The decrease in drug release from tablets containing more hydrophobic polymer combination (PCF4 and PCF5) OF HPMC: EC in comparison of tablets containing more hydrophilic polymer combination (PCF1, PCF2 and PCF3) may be attributed to the relatively hydrophobic nature of polymer (EC) which have less affinity for water, this results in decreased drug release.

The significant lag time is due to hydrophobic nature of ethyl cellulose (EC). Increased drug release rate is due to higher hydrophilic nature of HPMC. Due to its high hydrophilicity it absorbs water and swells resulting in more release of drug from tablets. From the release studies it was observed that combination of high concentration of hydrophilic polymer and low concentration of hydrophobic polymer (HPMC: EC) with a ratio of (3:1) tends to increase the amount of drug release with significant lag time.

Stability studies

Tablets were evaluated for its physico-chemical properties and invitro dissolution studies after 90 days and there was no significant physico-chemical changes was observed and observed percentage drug release during 8th hour was 98%. Hence formulation PCF3 was found to be stable during the stability studies.

Drug release kinetics

Tramadol hydrochloride tablets made with hydroxy propyl methyl cellulose and ethyl cellulose were subjected to various kinetic studies like zero order (Cumulative percentage drug released vs. Time), first order (Log cumulative percentage of drug unreleased vs. Time), Higuchi equation (Cumulative percentage of drug unreleased vs. Square root of time) and Korsemeyer’s (Log cumulative percentage released vs. Log time) and are reported in Figure 8.

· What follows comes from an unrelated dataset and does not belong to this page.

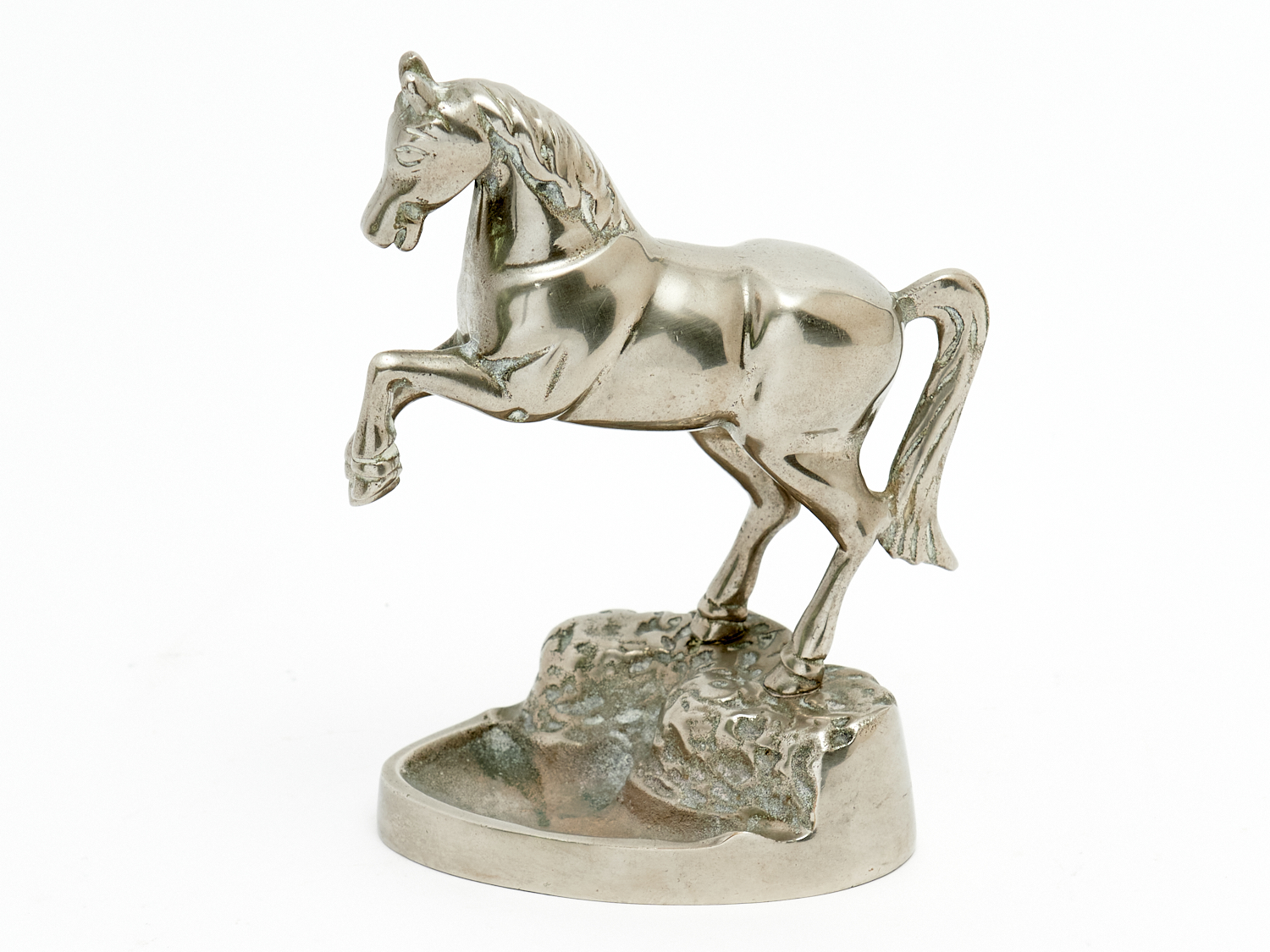 A SILVERED METAL HORSE ASHTRAY H.20CM, LEONARD JOEL LOCAL DELIVERY: SMALL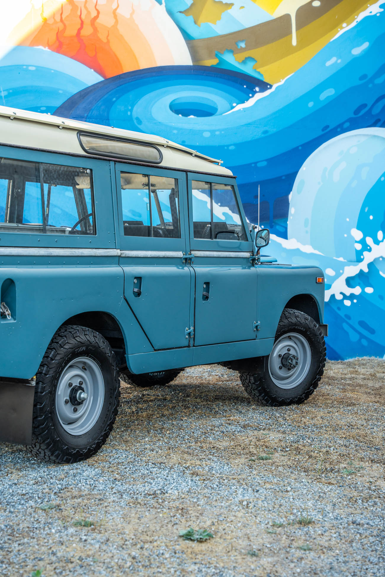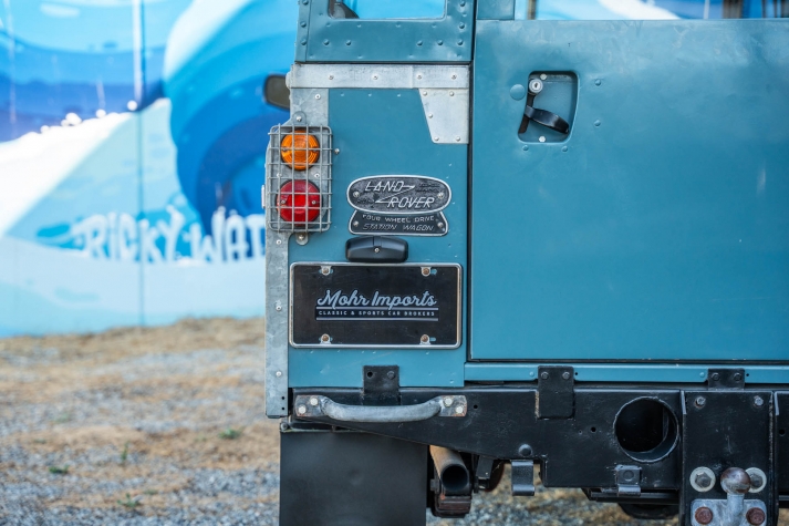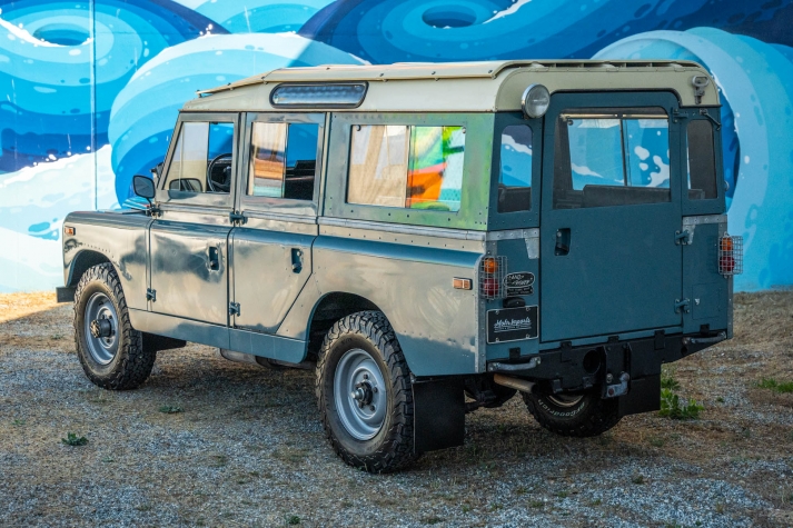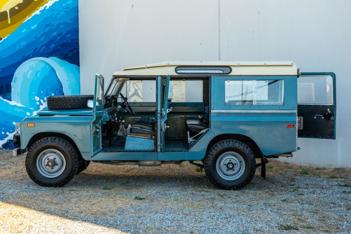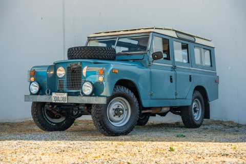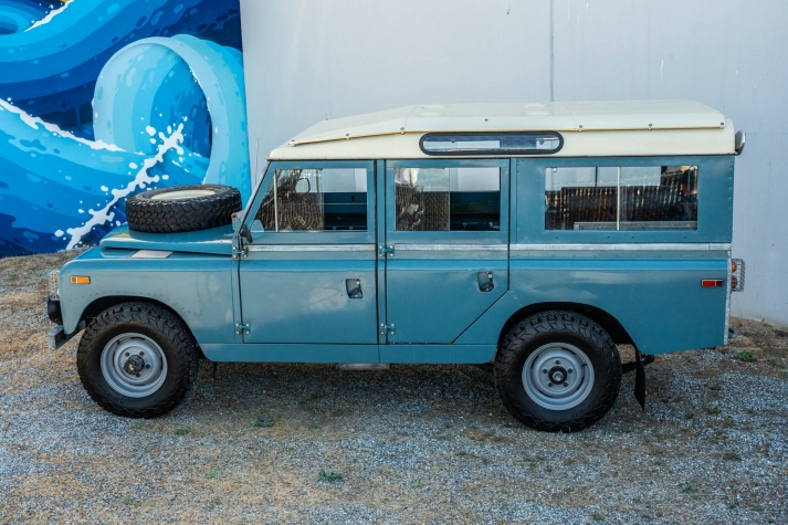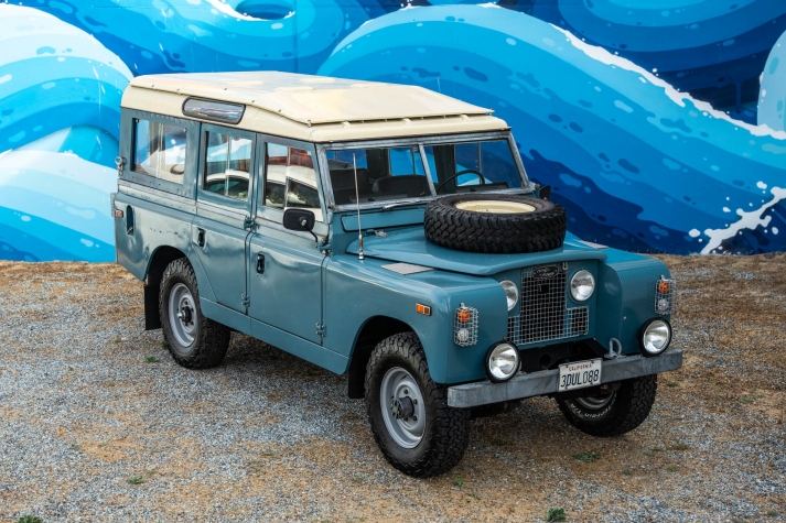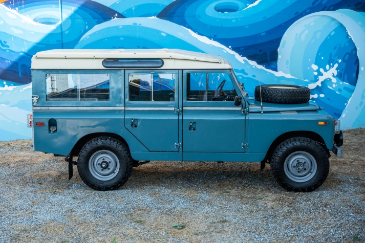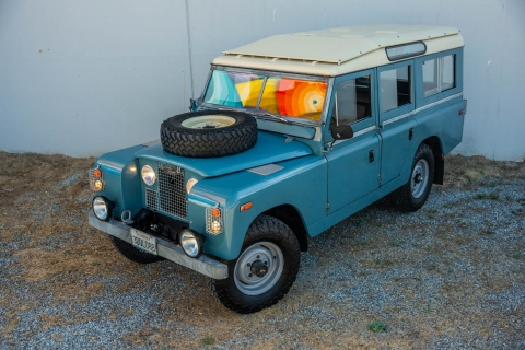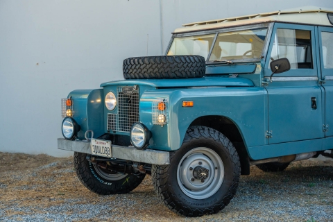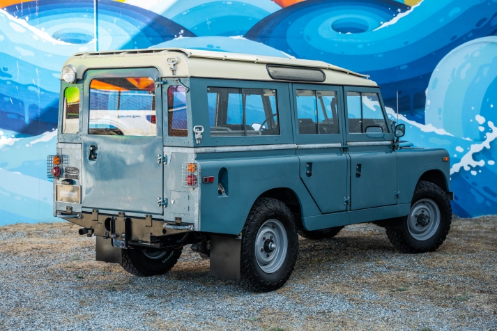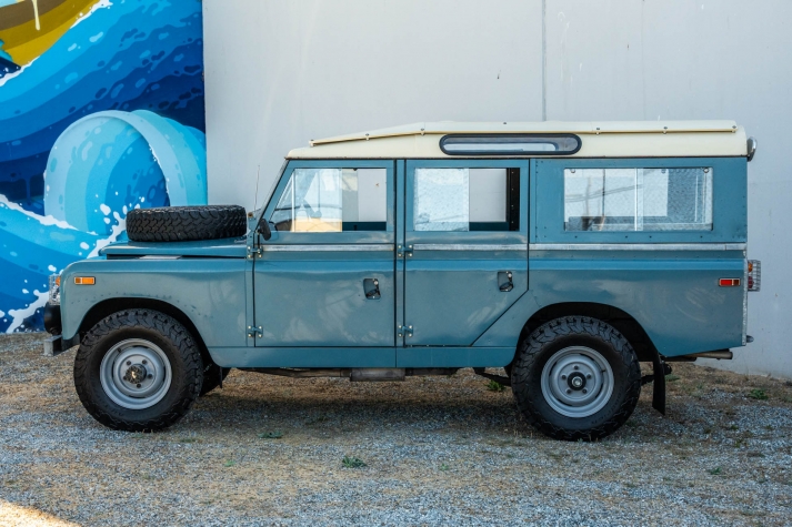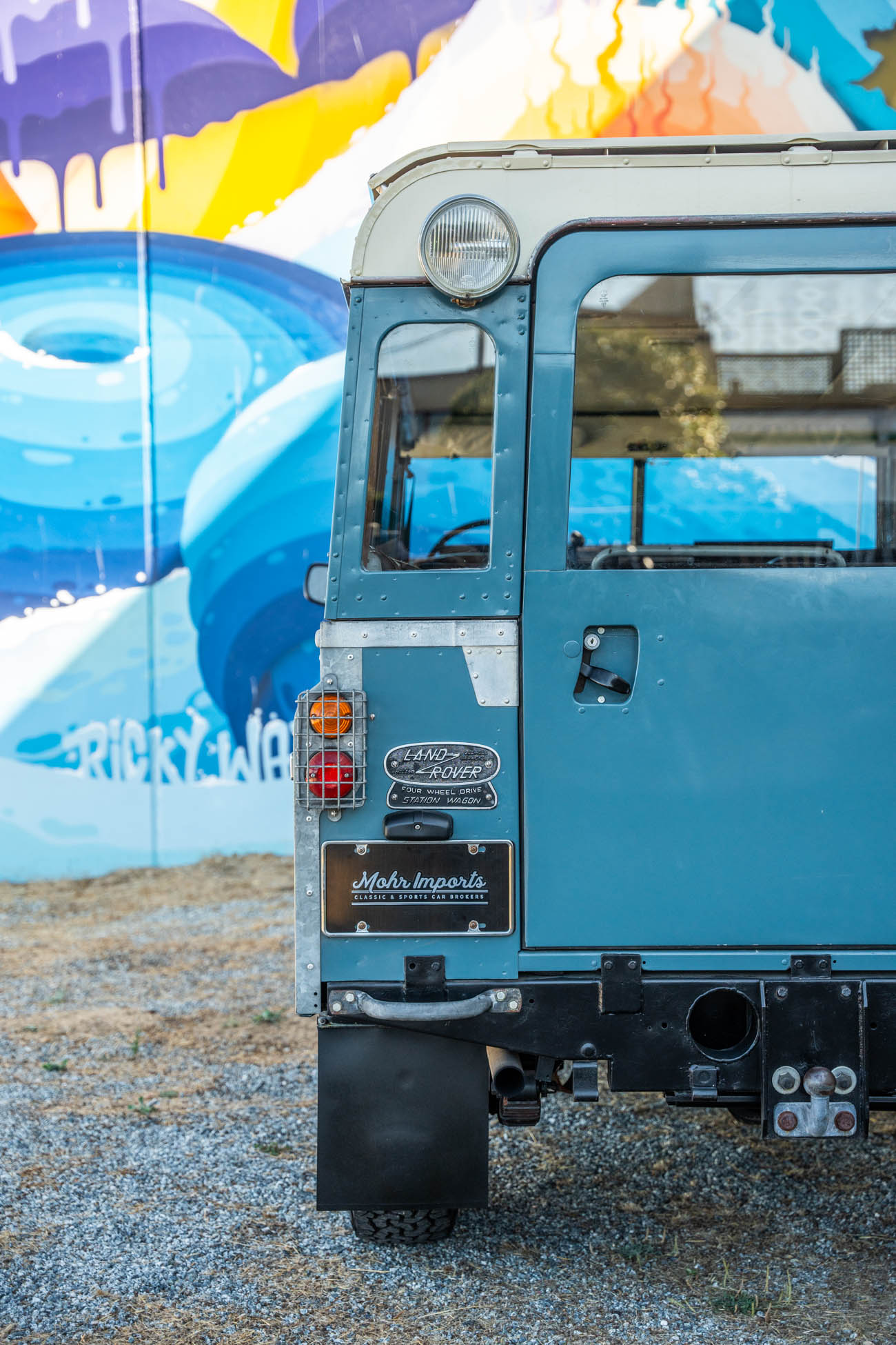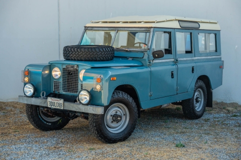 This 1968 Land Rover 109 Series IIA is a left-hand-drive station wagon powered by a 2.3-liter inline-four linked to a four-speed manual transmission and a dual-range transfer case. It is finished in blue over black vinyl upholstery and is equipped with a vented tropical roof, a folding windshield, auxiliary lights, sliding side windows, and 16? steel wheels along with three-across front seats, inward-facing jump seats, auxiliary gauges, and a three-spoke steering wheel with a brodie knob. The current owner purchased the truck from the selling dealer in February 2013, and subsequent work included replacing the primary fuel tank, carburetor assembly, linkage, and tires. This 109 is now offered on dealer consignment at no reserve with spare parts, workshop manuals, 2015-2023 service records, and a clean California title.

Figure 8: Drug release kinetics of PCF3.

The release kinetics profile of Tramadol hydrochloride tablets was found to obey zero order kinetics and Higuchi.


Consistent lag time with immediate release of the active pharmaceutical ingredient and the requirements for developing the chronotherapeutics was achieved with the developed formulation. At the coating ratio of (3:1) HPMC: EC has been proved as the most appropriate polymer combination for pulsatile drug delivery with a significant lag time and enhanced bioavailability, reduced side effects. Thus this approach of pulsatile release where in tablet of Tramadol hydrochloride is taken at bed time, releasing drug in the morning hours when the symptoms are more prevalent can prove to be a revolution in the treatment of arthritis.